Arla saw sales grow by 8% for its 2017 financial year of €10.3bn. The dairy co-op, which processed 13.5bn litres last year, said this was the single biggest increase in organic sales growth achieved in the history of the company, excluding acquisitions. Profits (EBIT) for the year fell by 24% to €385m. This was due to an exceptional payout received last year following the once-off sale of a business. Arla reported net profits of €299m for the year, which represents 2.8% of revenue. This is within its annual target range for net profits.

Arla said it increased farmgate milk prices by more than 27% in 2017 to an average payout of just over 0.38c/kg.

FrieslandCampina

FrieslandCampina reported a 37% decline in profits for its 2017 financial year to €227m. The farmer-owned co-op attributed the decline in profits to the write-down of assets in China and Germany, as well as restructuring costs. Friesland reported a 10% increase in sales for 2017 to over €12bn. This was due to improved dairy market prices and the inclusions of acquisitions made in the last year. Operating profits declined more than 20% to €444m, with profit margins falling from over 5% in 2016 to 3.7% last year. Profit margins were under pressure due to one-off costs, negative currency effects and increased raw material prices (higher milk prices). The co-op paid an average milk price of 0.40c/kg in 2017.

In a year when dairy markets witnessed sharp volatility in both directions (butter prices hit record highs, while SMP prices plunged to record lows), the comments of Europe’s two largest dairy co-ops are not to be taken for granted.

The strategy from Arla and FrieslandCampina is very clear, with both companies placing a strong emphasis on their consumer branded business. Both of these dairy giants feel that investing in their portfolio of consumer dairy brands is the right strategy as branded products tend to hold their value better in times of price fluctuation – therefore protecting milk prices and farmer incomes. No doubt the 500m consumers on their doorstep have cemented this branded strategy.

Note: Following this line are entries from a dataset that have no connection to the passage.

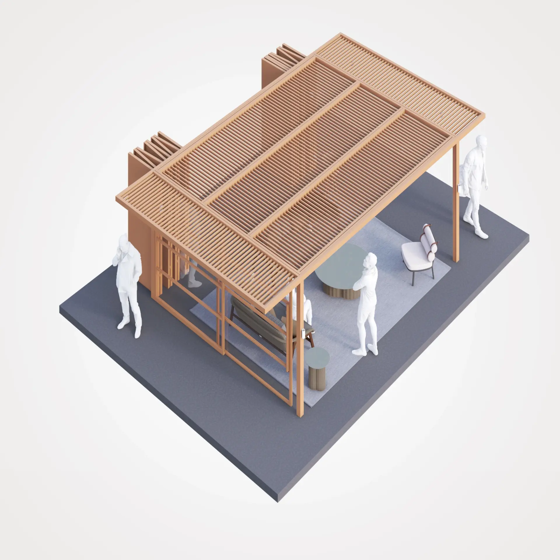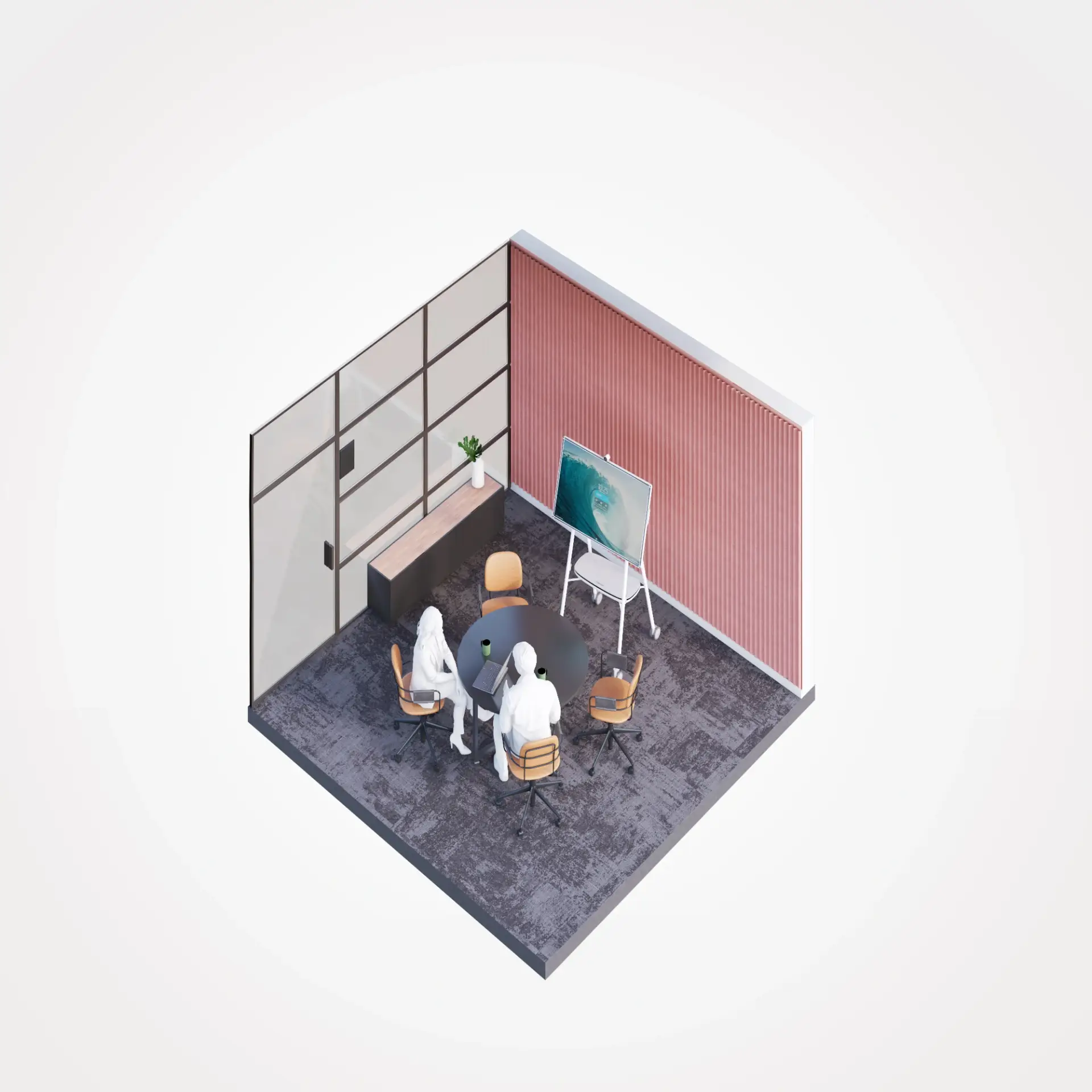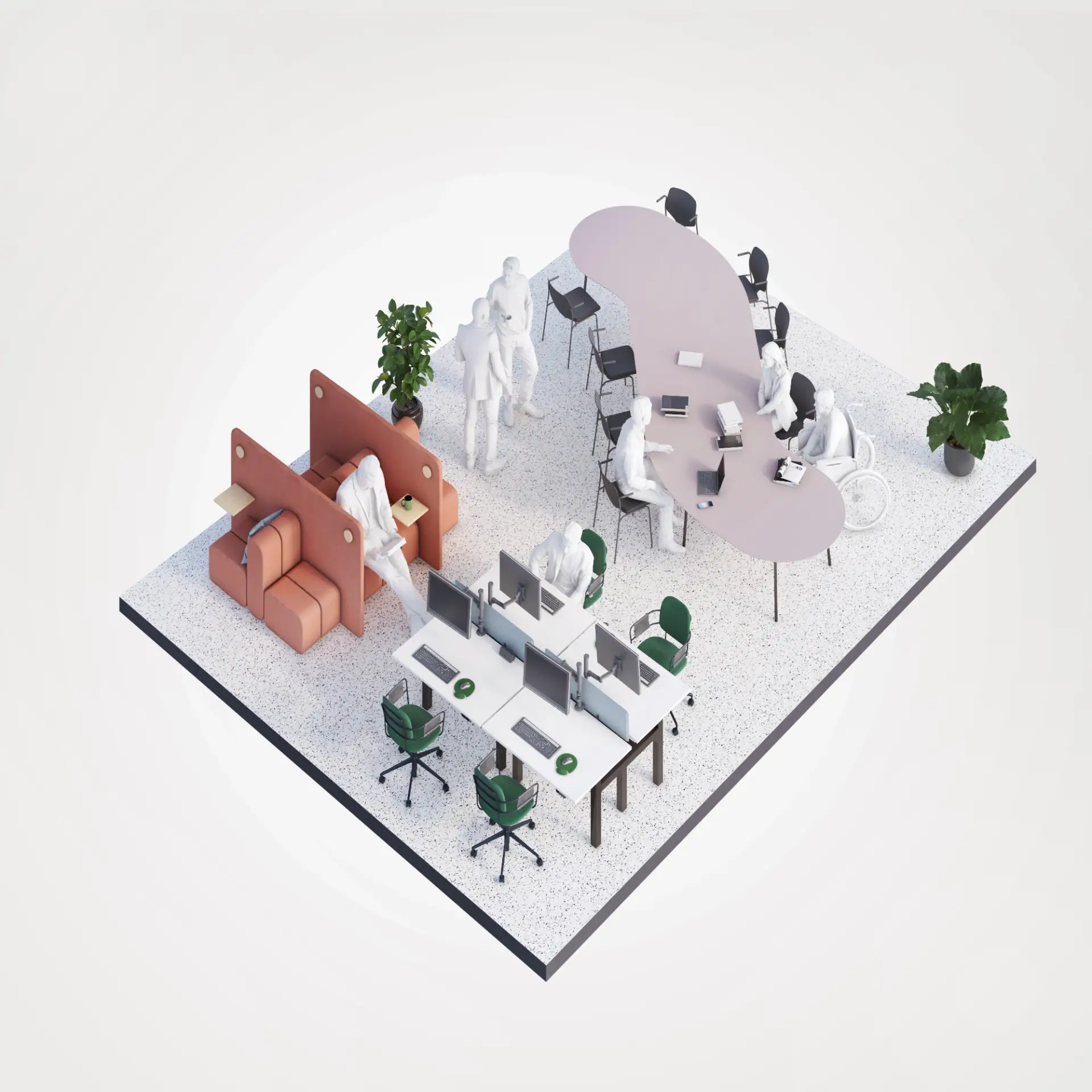 This series presents isometric 3D office visuals on a clean white background, designed to clearly communicate different workplace scenarios. Each composition focuses on a specific activity—whether collaboration, focused work, or informal meetings—using carefully selected office furniture to define purpose and function.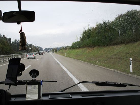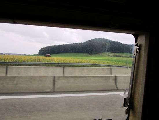 9.30 Uhr - bei Mülhausen biegen wir ab auf A 36 Richtung Basel. Weiter A 35 bis Basel. 9.50 Uhr – wir passieren die Grenze zur Schweiz. E 35 / A 3 Richtung Zürich, sehr viel Verkehr. Ferienzeit. Keine Sonne mehr, alles grau in grau. 10.10 Uhr - Es fängt an zu regnen.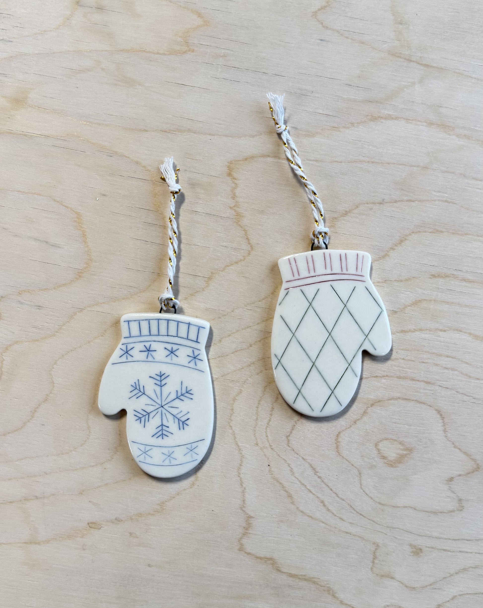 These porcelain mitten ornaments are illustrated by hand, making each one unique. They are carved, then inlaid with red and green underglaze before finishing with a clear glossy glaze. This ornament comes in two variations and can also be purchased as a pair.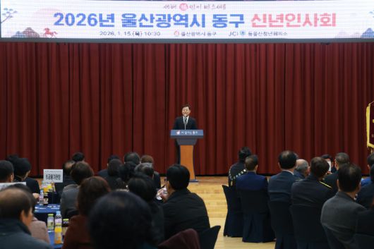 [울산=뉴시스] 박수지 기자 = 울산 동구는 15일 동구청 대강당에서 2026년 울산광역시 동구 신년 인사회를 개최했다.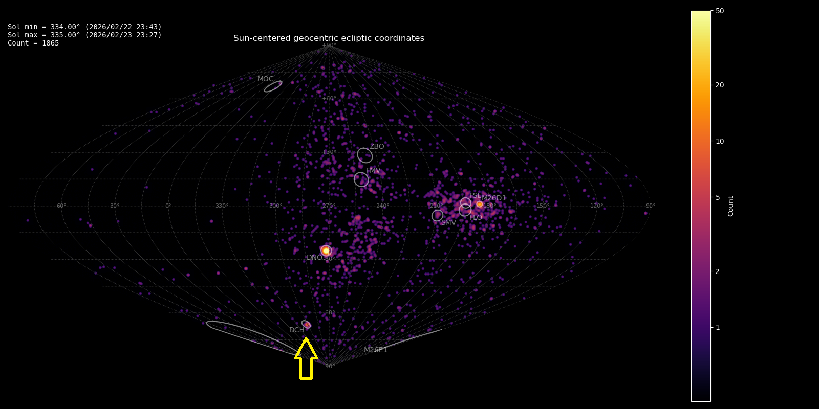 Figure 1 – Radiant density map with 1865 radiants obtained by the Global Meteor Network during 22–23 February, 2026. The position of the delta-Chamaeleontids in Sun-centered geocentric ecliptic coordinates is marked with a yellow arrow.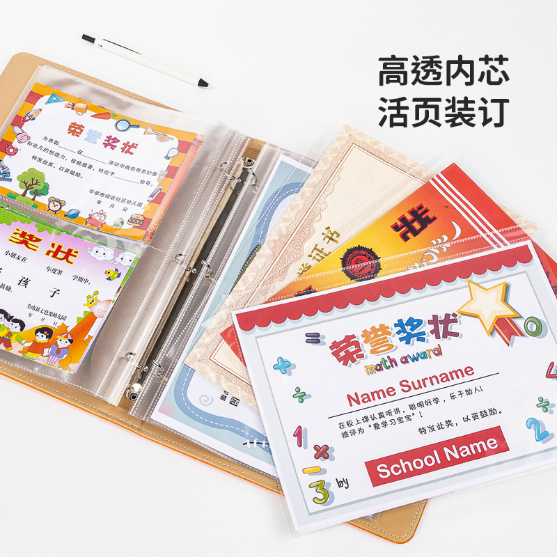 Sky Color Award Collection Book of Boys Girls Children Kindergarten Elementary students a4 creative students Honorary collections of leather loose-leaf certificates Letter of award Letter of appointment Letter of appointment Letter of admission Collection of information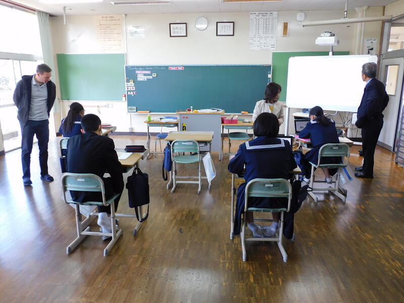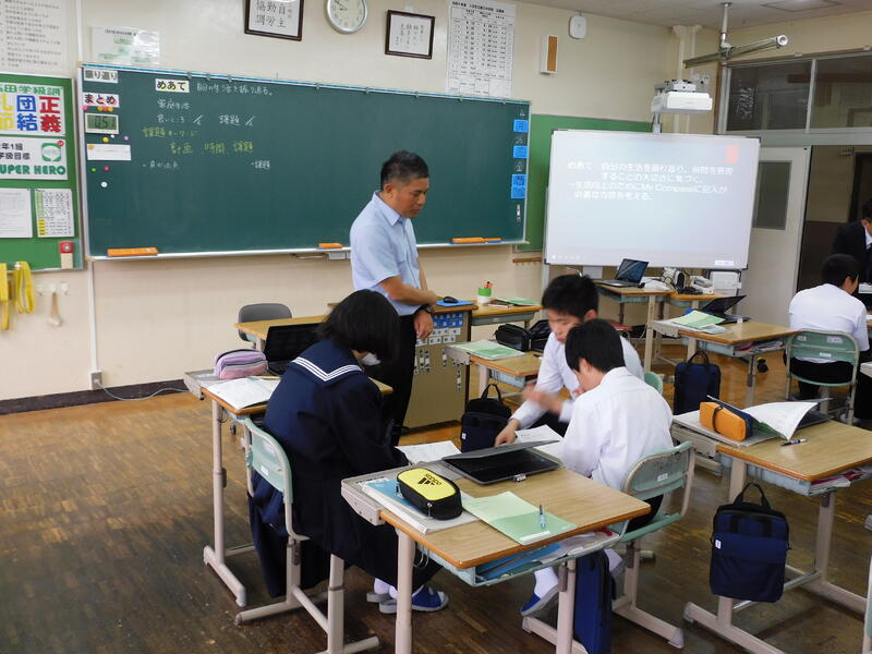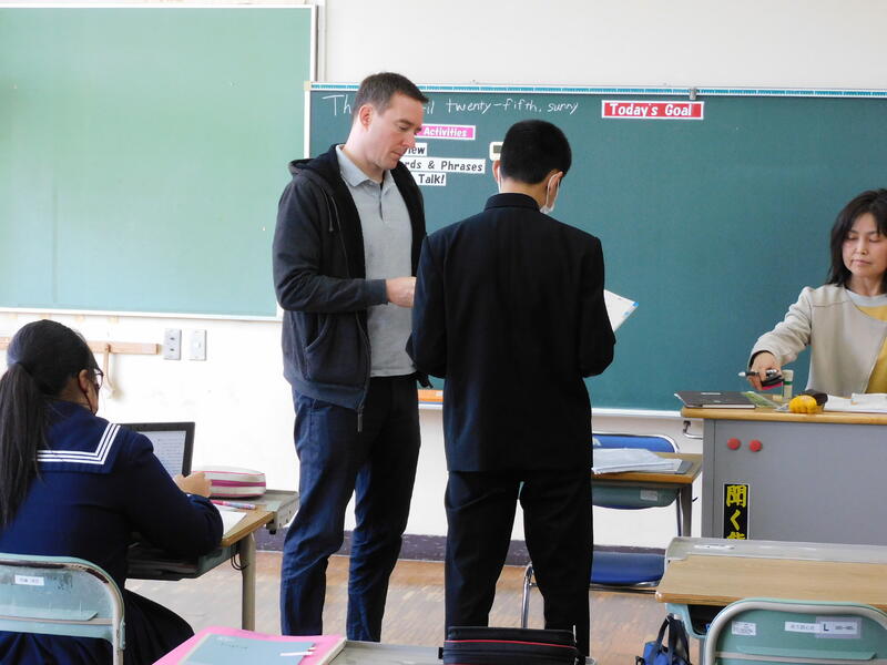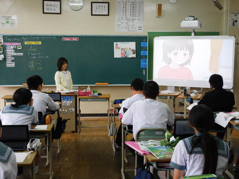 人吉市より星野TAEとコウディーALTに定期的に来ていただき、英語の学習について、折戸先生と一緒に授業をし、授業へのアドバイスをしていただきます。生徒たちも楽しみながらも真剣に授業に取り組んでいます。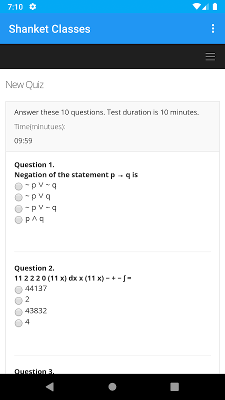 Application exclusive from Shanket classes, student can register and take quiz from this.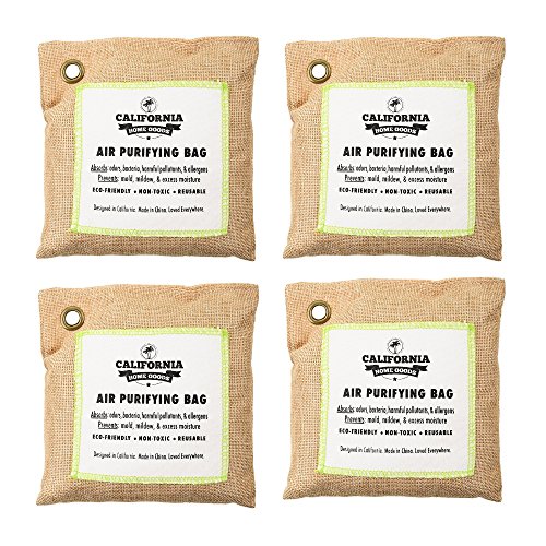 4 Pack - California Home 200g Activated Bamboo Charcoal Deodorizer Natural, Air Purifying Bags, Dehumidifier, Allergy-Free Filters, Odor Neutralizer for Home, Shoes, Car, Natural Colored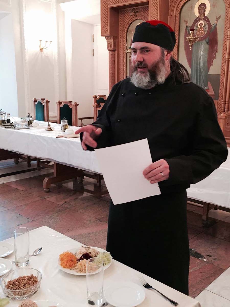 — Ресторанная и Монастырская кухни безусловно отличаются, но и у них есть точки соприкосновения. Недаром меня позвали работать в монастырь шеф-поваром: в монастыре бывают приёмы иностранных архииерев и делегаций, требуется организация банкетов высокого уровня. Дважды мне довелось организовывать патриаршие приёмы в Грановитой палате Московского кремля, так как наместник нашего монастыря служил со Святейшим Патриархом Кириллом в Успенском соборе Московского кремля, и, по традиции, он должен был организовать угощение. Отличие в том, что мы кормим бесплатно в монастыре около 500 человек в день, мы не нацелены на получении прибыли. Бывает, что внезапно приходится организовывать обед для паломников или для внезапных гостей, когда нет в наличии необходимых продуктов. Приходится что-то придумывать и готовить «кашу из топора». Ну и, конечно, меню, оно жёстко привязано к Уставу, к годовому и недельному кругу постов.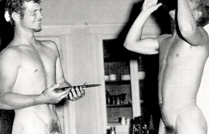 Okay, not nude, but here's Rock Hudson and Sal Mineo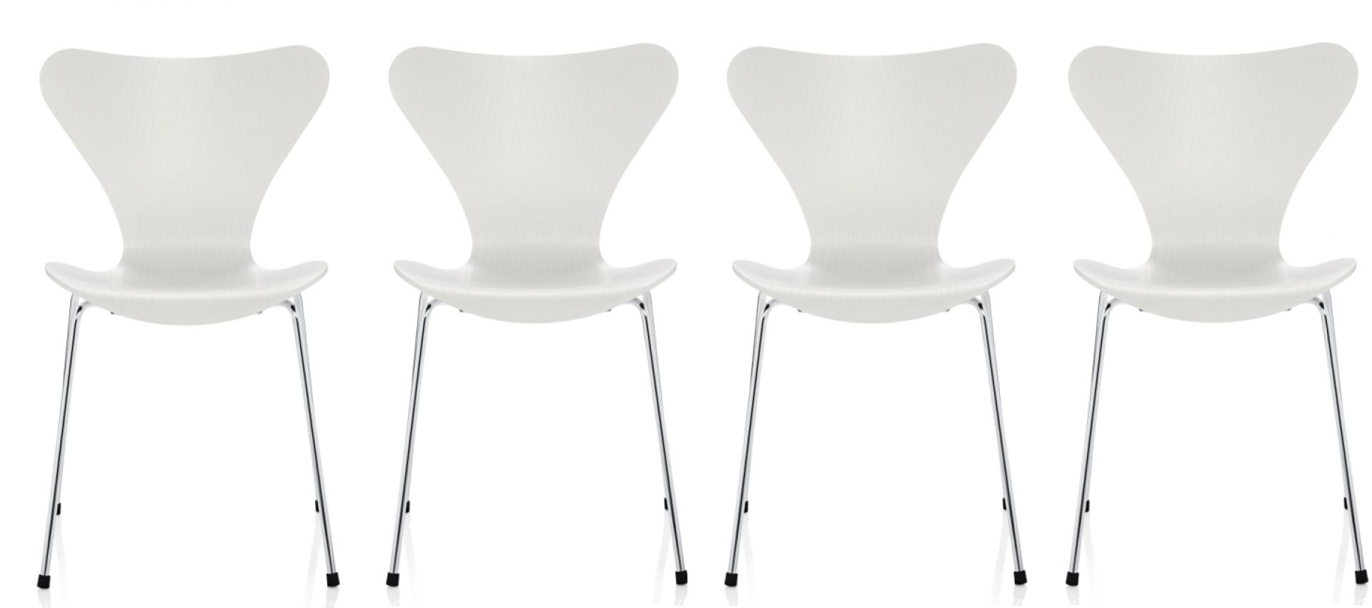 Das ist der Designer Stuhl 3107 der Serie 7 von Fritz Hansen, von Designer Arne Jacobsen auch Siebener Stuhl genannt. Das Revolutionäre am Siebener Stuhl war zu seiner Entstehungszeit 1955 die bei der Herstellung eingesetzte Technik der Schichtverleimung. Diese wurde in den 20er und 30er Jahren von Soeren C. Hansen perfektioniert – dies ist der Enkelsohn des Firmengründers Fritz Hansen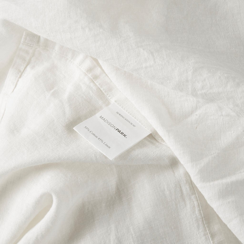 Experience refreshing comfort with the Madison Park Linen Blend 4 Piece Sheet Set. Made from breathable cotton that has been paired with the rich texture of linen, this sheet set is incredibly soft and absorbent to create a luxurious look and feel. The hemstitching adds a decorative touch, while also adding durability to the seams. The fabric comes pre-washed to improve durability and softness. Simple and clean, this linen blend sheet set offers a casual and relaxing addition to your bedroom. Machine washable for easy care, this solid sheet set is OEKO-TEX certified, meaning it does not contain any harmful substances or chemicals to ensure quality comfort and wellness. Set includes: 2 Pillowcases, 1 Flat Sheet, and 1 Fitted Sheet.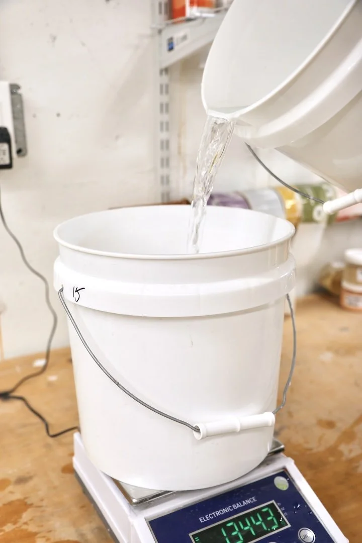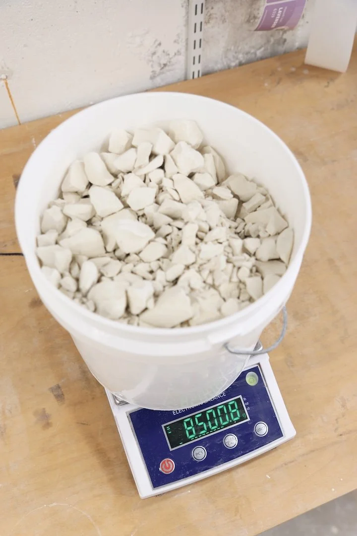 For this post, I mixed a (not full) 5 gallon bucket of slip. I measured and recorded everything. I weighed out: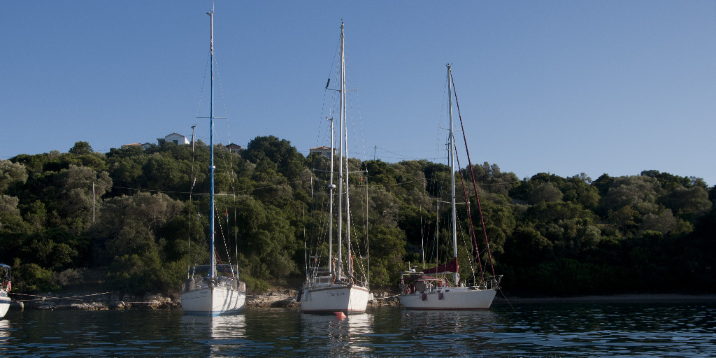 ¿Por qué esta cala y no cualquier otra? No hay ninguna razón de peso, tan solo que la primera vez que llegamos a estas aguas y horrorizados por el gentío, las aguas sucias y las malas pulgas de los vecinos en Bicho, donde habíamos quedado con el Alea, encontramos una cala casi solitaria, con una rustica tasca y un pequeño muelle para atar la auxiliar, aguas en las que veíamos el ancla clavada a mas de doce metros y donde puedes escoger entre fondear a la gira, como hacíamos al principio de nuestro aprendizaje o con lineas largas por popa como hacemos ahora, ya con mas experiencia.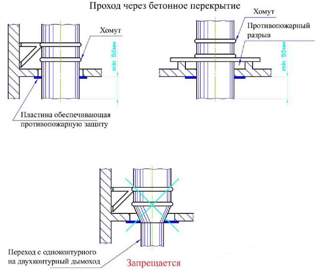 Les unités de pénétration pour les communications de ventilation de la production industrielle sont réalisées conformément aux exigences de GOST-15150. On pense que la température de l'air à l'intérieur du tuyau de communication ne doit pas dépasser 80 degrés et que l'humidité du flux doit être inférieure à 60%.

FrieslandCampina’s branded strategy has also extended into the infant formula market, where they have created their own brand, Friso. By owning their own brand, Dutch farmers have captured the full potential of the lucrative infant formula market, where profit margins can be as high as 30%. This raises a number of concerns for Ireland’s dairy industry. Firstly, for Ireland to follow a branded strategy of similar scale to these two dairy giants, it would take a marketing investment of almost €200m per annum. It is difficult to see how this could be possible given that the combined profits of Irish dairy processors is around €100m.

Secondly, it’s worrying to see FrieslandCampina promoting a “grass-to-glass” campaign, even though Dutch cows are out at grass for less than 100 days in the year. While Irish cows are out at grass for a greater period of time, the financial strength of the Dutch co-op could allow them to make more noise and capture a greater share of the grass-fed market.